I drove with Jack and the others to Lebesegale. While Jack examined the possibilities of the place as a balleh site, I looked around. It was a tiny settlement, dark brown huts, a few camels, a mud-and-wattle tea shop with roof of flattened paraffin tins. The
inhabitants were thin and in rags, haggard with the long Jilal. The water hole, once a large one, had dried to a small pool of muddy liquid which somehow sustained the few people here, but could not have done so if even one more family had arrived. Beside me, Hersi trudged.

“Nothing here, memsahib. The people are very poor presently times.”

I nodded. There was certainly nothing much here. Only the bare red Haud soil, hard as stone, and incredibly, these few people, the old man who had come out of the tea shop to greet us, his two young grandsons, the three women with the ock of blackheaded
sheep. The rest of the villagers had left with most of the camels, to seek water and grazing elsewhere. Then I saw a small round brushwood enclosure within the almost-empty village. I asked Hersi about it.

“That is the mosque,” he replied.

I looked again at the thorn boughs that formed the place of worship. It seemed to me that more genuine faith might reside in this brushwood circle than in the jewelled and carved magnificence of the Blue Mosque at Istanbul.

Driving along the Awareh-Hargeisa road, we saw two burden camels laden with the crescent-shaped hut-frames and the bundled mats. They were halted by the roadside, and as we drew near, we saw one of the beasts slide to its knees, sunken in the apathy of
thirst and exhaustion. Beside them, squatting in the sand, was a woman, a young woman, her black headscarf smeared with dust. She must have possessed, once, a tenderly beautiful face. Now her face was drawn and pinched. In her hands she held an empty tin cup. She did not move at all, or ask for water. Despair keeps its own silence. Her brown robe swayed in the wind. She carried a baby slung across one hip. The child’s face was quiet, too, its head lolling in the heavy heat of the sun. We had a little water left in our spare tank, and so we stopped. She did not say a word, but she did something then which I have never been able to forget. She held the cup for the child to drink first.

She was careful not to spill a drop. Afterwards, she brushed a hand lightly across the child’s mouth, then licked her palm so that no moisture would be wasted.

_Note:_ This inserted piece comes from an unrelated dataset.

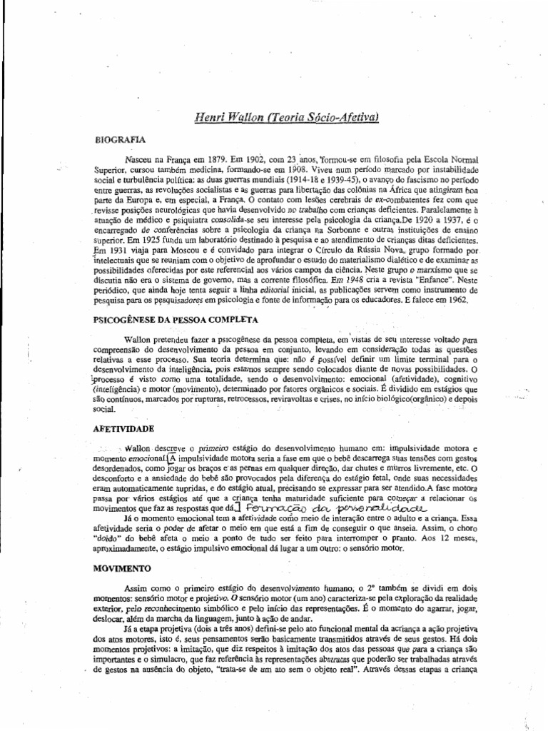 Das idias explicitadas por Wallon, destaca-se a que se refere necessidade de superao da

To her, I must have seemed meaningless, totally unrelated to herself. How could it be otherwise? I had never had to coax the lagging camels on, when they would have preferred to stop and rest and die. But what I felt, as I looked into her face, was undeniable and it was not pity. It was something entirely different, some sense of knowing in myself what her anguish had been and would be, as she watched her child’s life seep away for lack of water to keep it alive. For her, this was the worst the Jilal could bring. In all of life there was nothing worse than this.
What we could do here was only slightly more than nothing. Maybe she would reach the wells. Maybe she would not. She might with good reason have looked at us with hatred as we began to speed easily away, but she did not. She was past all such emotions. She knew only that she must keep on or she would perish, and her child with her. As we drove away, we saw her rise slowly and call the burden camels. The beasts struggled up and began to follow her.

Across the great plains of the Haud, the wind swept the sand up into spinning dervishes of dust. The red termite-mounds stood like tall misshapen towers of the dead.
On the carrion of camels the vultures screeched and gorged themselves. In the afternoons, the wisps of cloud formed raggedly in the sky.

“In sha’ Allah,” the Somalis said. “If Allah wills, it will rain.”

We, too, said the same thing now. What else was there to say? All other words had ceased to have meaning in the Jilal.